» Task description: Write out the data that follows exactly, keeping every picture out.

» Information supplied:

■ ■ ■ ■ ■ ■ ■

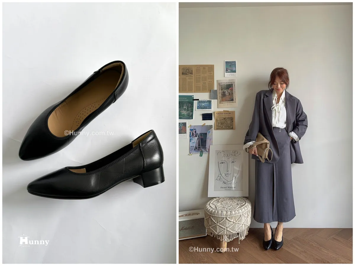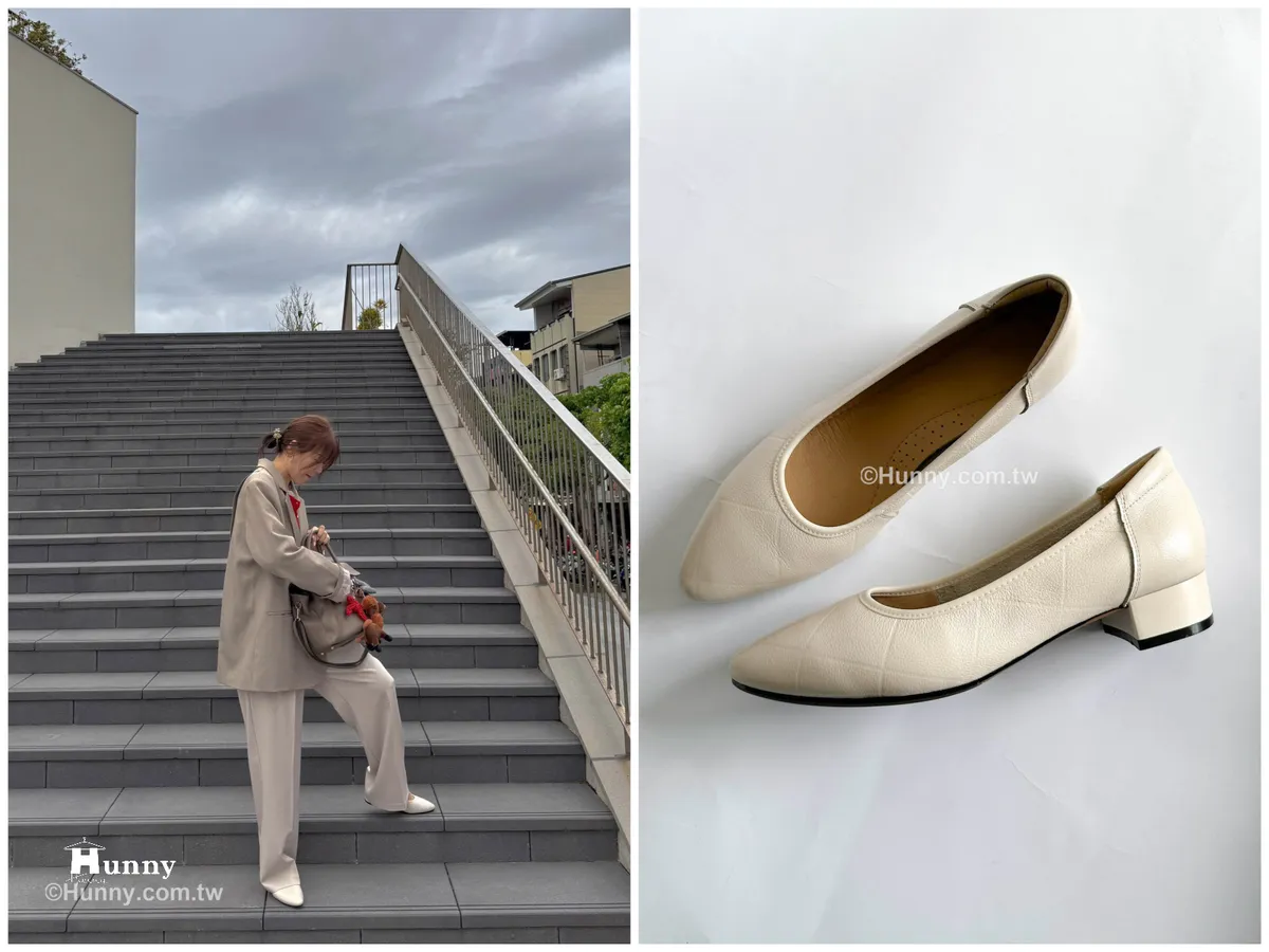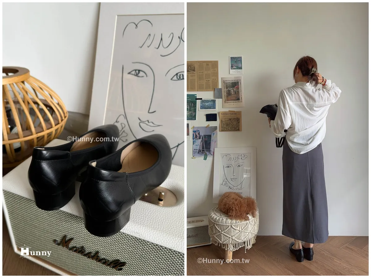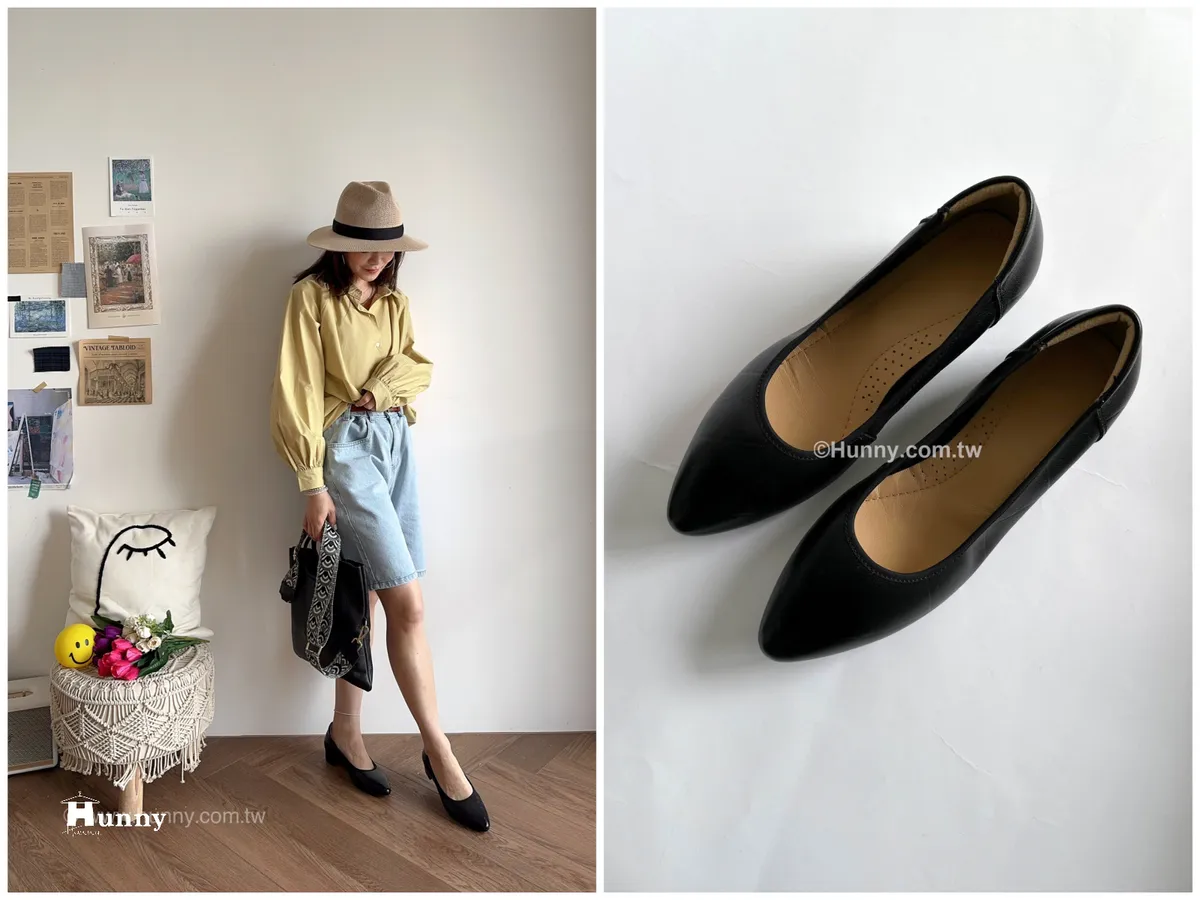 HUNNY670 獨家!巴黎香頌菱形壓紋羊皮低跟鞋 黑/杏 正常版
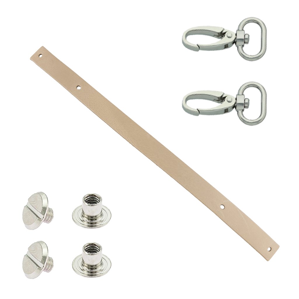 Sada kožený popruh 32 cm š. 2 cm krémový s karabinou nikl
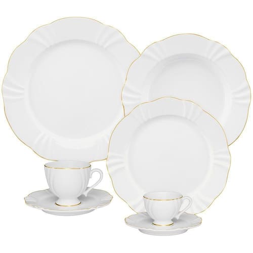 Aparelho de Jantar Soleil Victória 42 Peças Oxford O ouro, símbolo de luxo e riqueza, está presente em delicados filetes que contornam as peças do aparelho de jantar Soleil Victória da Oxford. E a louça branca é perfeita para quem quer deixar o destaque da refeição para comida servida. Na medida para quem busca requinte sem abrir mão da discrição. Aparelho de Jantar Soleil Victória 42 peças Oxford - Incluso 6 Pratos Rasos - 29 cm 6 Pratos Fundos - 24 cm 6 Pratos Sobremesa - 23 cm 6 Pires De Chá - 17 cm 6 Xícaras De Chá - 200 ml 6 Pires De Café - 13 cm 6 Xícaras De Café - 75 ml Aparelho de Jantar Soleil Victória 42 peças Oxford - Informações Uso: Não pode ser utilizado no micro-ondas e na lava-louças Material: Porcelana Formato: Sinuoso Decoração: Liso com filete em tinta ouro Cor: Branco
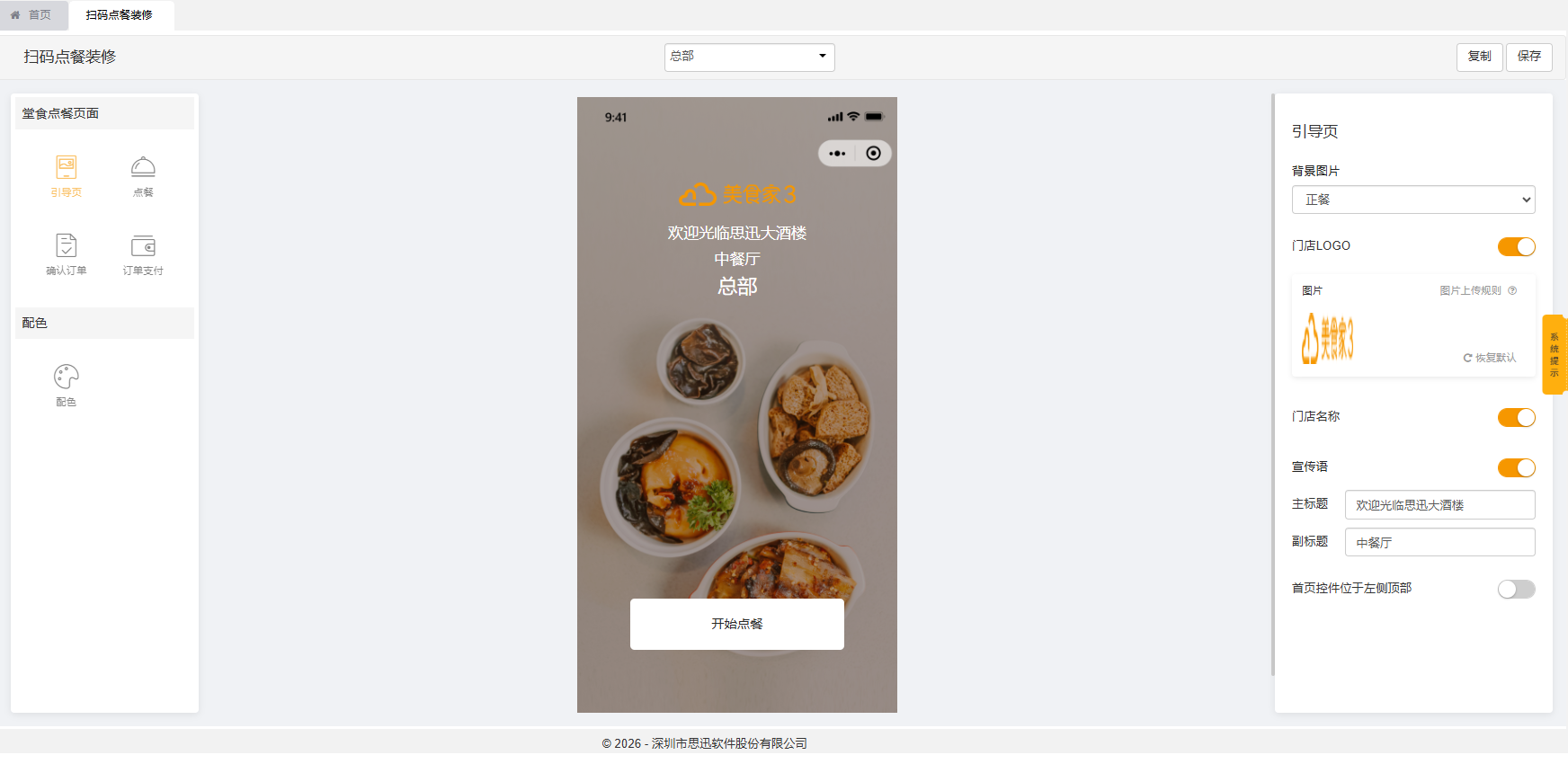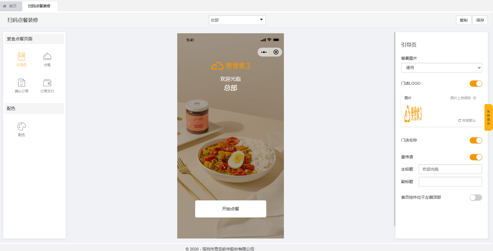 编辑扫码点餐引导页,主要编辑内容有:

■ ■ ■ ■ ■ ■ ■

» Exercise answer:
 HUNNY670 獨家!巴黎香頌菱形壓紋羊皮低跟鞋 黑/杏 正常版
 Sada kožený popruh 32 cm š. 2 cm krémový s karabinou nikl
 Aparelho de Jantar Soleil Victória 42 Peças Oxford O ouro, símbolo de luxo e riqueza, está presente em delicados filetes que contornam as peças do aparelho de jantar Soleil Victória da Oxford. E a louça branca é perfeita para quem quer deixar o destaque da refeição para comida servida. Na medida para quem busca requinte sem abrir mão da discrição. Aparelho de Jantar Soleil Victória 42 peças Oxford - Incluso 6 Pratos Rasos - 29 cm 6 Pratos Fundos - 24 cm 6 Pratos Sobremesa - 23 cm 6 Pires De Chá - 17 cm 6 Xícaras De Chá - 200 ml 6 Pires De Café - 13 cm 6 Xícaras De Café - 75 ml Aparelho de Jantar Soleil Victória 42 peças Oxford - Informações Uso: Não pode ser utilizado no micro-ondas e na lava-louças Material: Porcelana Formato: Sinuoso Decoração: Liso com filete em tinta ouro Cor: Branco
 编辑扫码点餐引导页,主要编辑内容有:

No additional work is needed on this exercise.